Is it support Chinese?
When I evaluate rouge of Chinese summarization, I need to segment sentences to words. No nltk stemmer needed.
e.g.

我来自火星。 --> 我来自火星。

Randy Pen · Answer 1 · Thu Jun 27 2019 15:07:35 GMT+0800 (China Standard Time)

There exist several Chinese segmentor like jieba.
We can use it to preprocess sentence.

Randy Pen · Answer 2 · Thu Jun 27 2019 16:12:56 GMT+0800 (China Standard Time)

I have one solution.
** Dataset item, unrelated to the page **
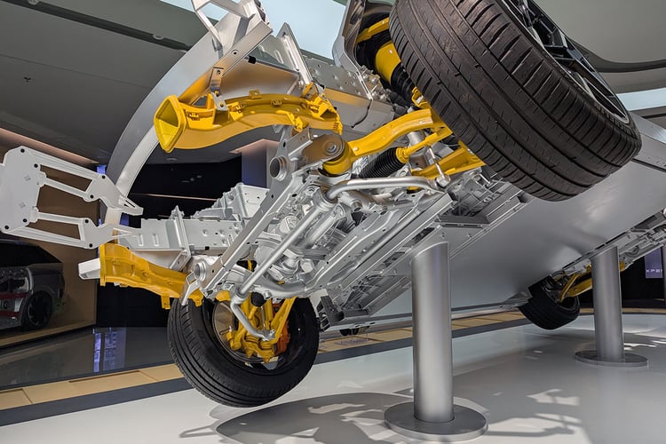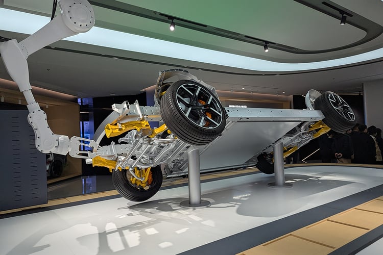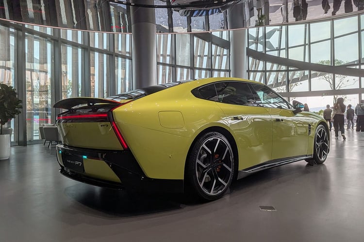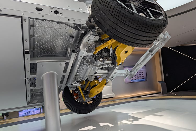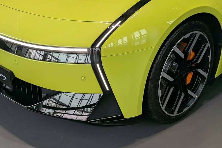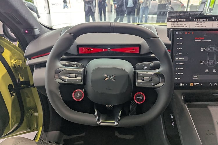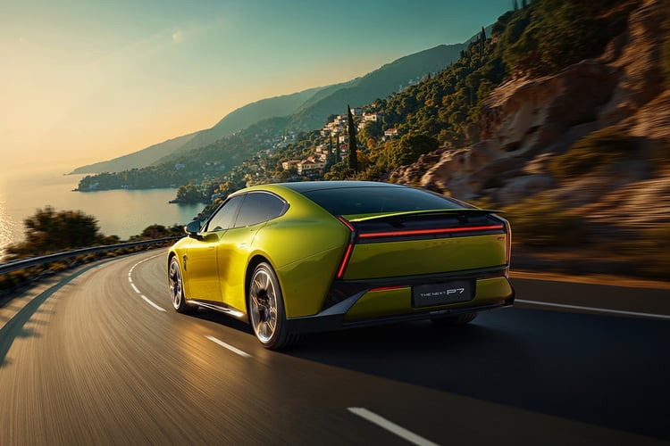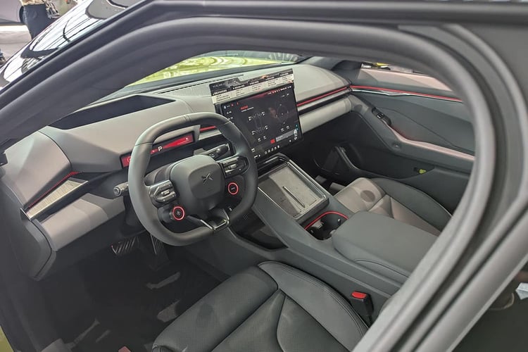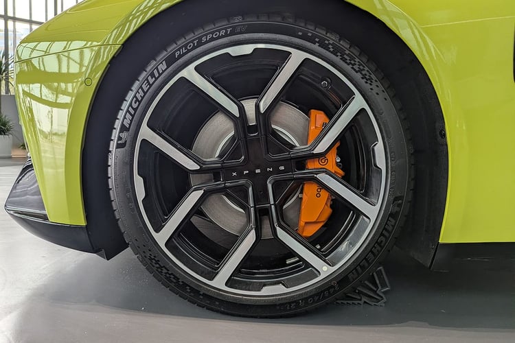 Pour profiter de toutes les capacités de ce châssis, les jantes de 21 pouces chaussées de Michelin Pilot Sport EV semblent plus indiquées que les roues de 20 pouces avec la gomme Maxxis Victra Sport 6 à faible résistance. Mais ces dernières cachent plus efficacement les disques de frein, qui apparaissent bien petits derrière les jantes. Ne jugeons pas visuellement les performances de freinage, mais on pourrait s’attendre à des disques plus larges à ce niveau de gamme. De plus, la P7 ne bénéficie pas des roues arrière directrices (5° d’angle maximum) compatible avec cette nouvelle base technique et que l’on retrouve pourtant avec le Xpeng X9. Précisons toutefois que la stupéfiante Lucid Air s’en passe, alors que le système monté sur la Lotus Emeya 900 n’apporte pas vraiment satisfaction.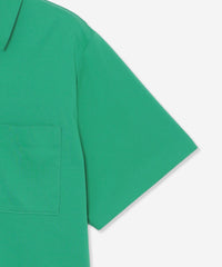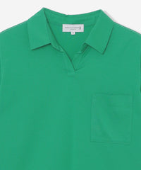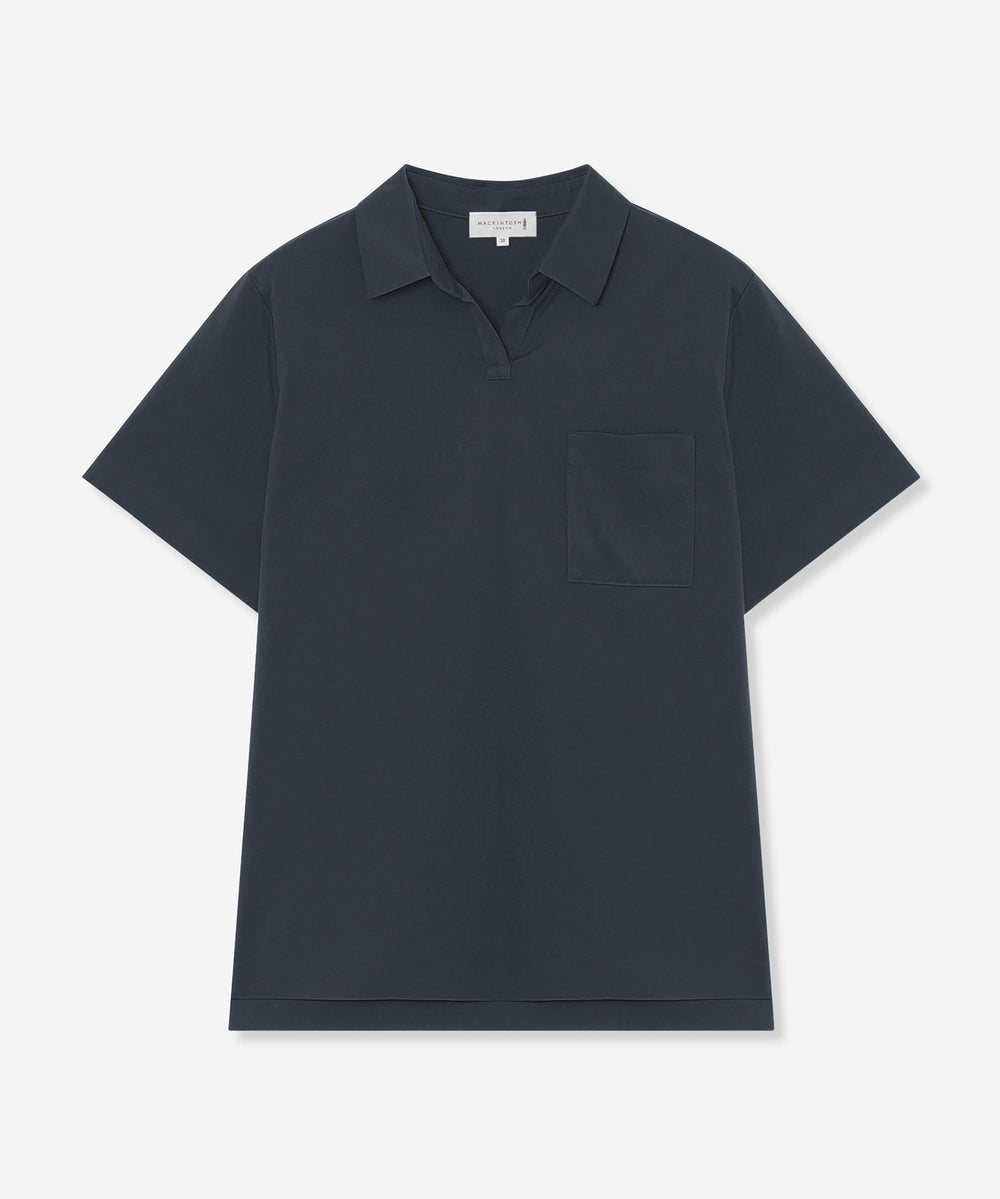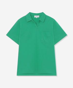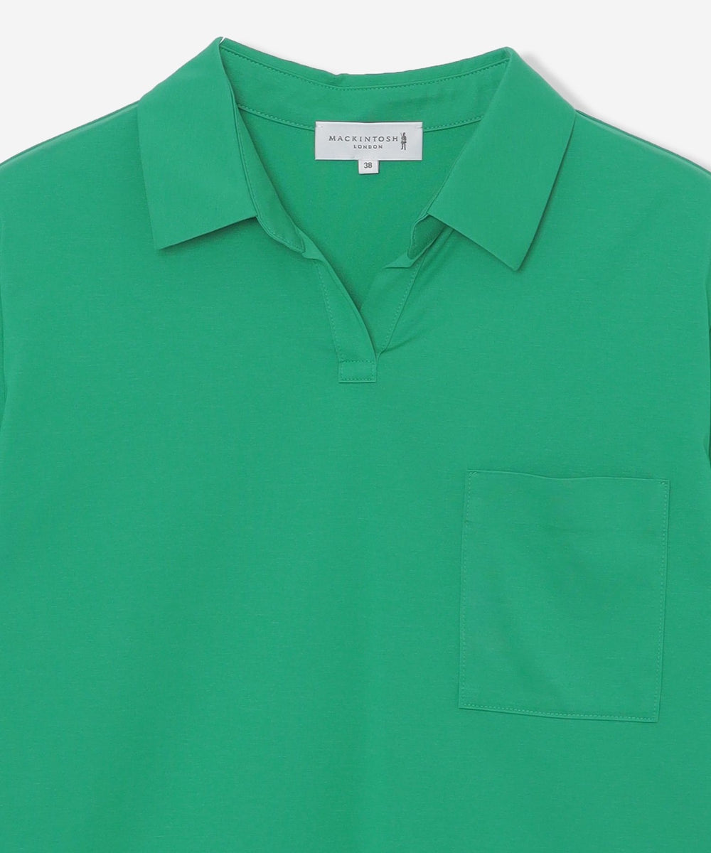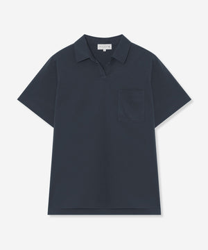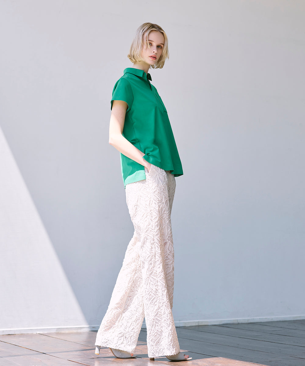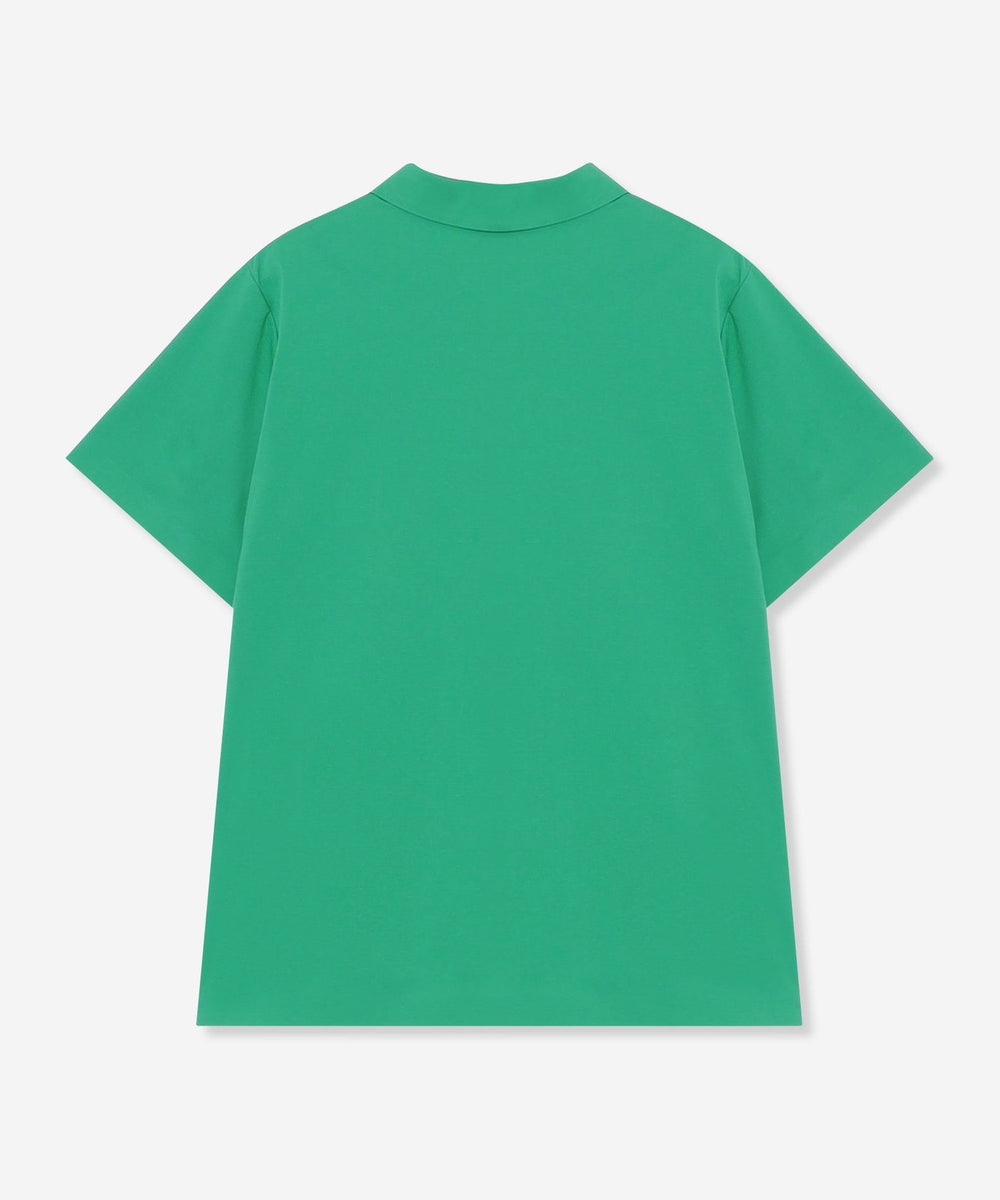 ポロ衿タイプのトップスです。裾、袖口は折り上げ接着する仕様で、シルエットは体に合わせた肩傾斜を意識し衿元はシャープになる様仕立てています。決まりの良い丈感で汎用性高く着用いただけます。

Create a temporary dict each time and convert chinese word to string number.

Input

hypothesis = '乌龟状态不够稳定'
references = '服务器不稳定'

hyp = list(hypothesis)
ref = list(references)
tol = hyp + ref
tol = list(set(tol))

w2id = {w : str(idx) for idx, w in enumerate(tol)}
hypid = list(map(lambda x: w2id[x], hyp))
refid = list(map(lambda x: w2id[x], ref))

hyped = ' '.join(hypid)
refed = ' '.join(refid)
print(hyped)
print(refed)

Output

10 7 1 3 8 4 2 0
9 5 6 8 2 0

Jiale Guo · Answer 3 · Wed Nov 20 2019 20:50:18 GMT+0800 (China Standard Time)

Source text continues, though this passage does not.